The basic setup is to use a robust algorithm for root finding and supply it with the function you defined. You'll need one that doesn't require a derivative (the function is not even continuous, but is monotonic, so methods like binary section should still work)

A suitable algorithm will require you to find a good starting point, and/or will require you to start by bracketing the root, which bracketing may require an initial search procedure. I sort of dodge the search for a bracket in the example below because the function I call will extend the bracket if it's insufficient (we could improve the bracketing part substantially).

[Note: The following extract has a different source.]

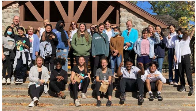
Global Friends sponsored field trips for EL students to visit Turtle River State Park

New American youth are matched with mentors and/or tutors to develop their English skills, provide academic support, develop leadership skills, and cultivate confidence.

Note that the root finder stops with some tolerance on the root (which you have control over in the root finding function). Because the function has jumps, the value of the function at the returned root may not seem all that "close" to 0, but it will jump to the other side of 0 with only a small shift.

Here's a quick illustration in R of putting these notions together; this can be improved and made more stable (and should if you're going to let anyone actually use this).

I haven't written this as a full function of its own - the point was just to illustrate the basic idea was implemented as I said above - but it's easy enough to wrap in a function.

(For the purpose of illustration, I'll use Brent's algorithm for the root finder and Tukey's robust line for the starting point. You could substitute other choices like - say - binary section search or ITP, and linear regression, say, for an initial guess if you wished.)

Here we just make some data to work with

    #set up some example data
    alpha<-1.4
    beta<-0.87
    x<-runif(20,3,15)
    epsilon<-rlogis(20,0,0.8)
    y<-alpha+beta*x+epsilon

We use an initial estimate to get a rough bracket on the line

    # start with a robust line (can substitute `lm` here if you want)
    #   to get a rough idea of an interval. This can be improved!
    ab<-line(x,y)$coefficients
    bi<-ab[2]

Here's the code!

    # The next two lines of code are the actual algorithm:
    #  (you may want to play with some of the other arguments 
    #  to uniroot)
    T <- function(b,y,x) {xm <- mean(x); sum((x-xm)*rank(y-b*x))}
    Tzero <- uniroot(T, interval=sort(c(0,2*bi)), y=y, x=x, 
                   extendInt="yes")
    
    b <- Tzero$root   #pull out the coefficient

Does it work?

    #---- illustration of performance in four plots
    op<-par()
    par(mfrow=c(2,2))
    
    #1 don't use this normally, just to illustrate that it works
    bb<-seq(0,2*b,l=101)
    tt<-array(NA,length(bb))
    for (i in seq_along(bb)) tt[i]=T(bb[i],y,x)  
    plot(tt~bb, pch=16, cex=0.1, xlab="beta", ylab="T", 
         main="Hodges-Lehmann T function" )
    abline(h=0, v=b, col=8, lty=3)
    
    #2 
    plot(x,y,main="Data with fitted line")
    a<-median(y-b*x) # substitute whatever intercept you like
    abline(a=a,b=b,col=2)
    
    #3
    fitted<-a+b*x
    residual<-y-fitted
    plot(fitted,residual,main="residuals vs fitted values")
    abline(h=0,col=8)
    
    #4
    hist(residual)
    
    #restore plot parameters
    par(op)

Speedwise (on my fairly modest laptop) this algorithm (the two lines in the middle) finds the coefficient on a dataset with $n = 100,000$ in under a second, so it's likely to be adequate for most typical problems - but if you have very large data sets you may want to consider ways to reduce the calculation (there are ways to speed this up if it were really needed). I have tried it for $n$ up to a million (about 7 seconds to find the slope on my laptop running the code above -- but the diagnostic plots at the end took much longer, unsurprisingly). I'd hesitate to go above that sample size without more careful efforts toward speed and stability.

Note that the slope for the "Spearman line" in the answer here was also identified by root-finding (as was the quadrant-correlation slope mentioned near the end).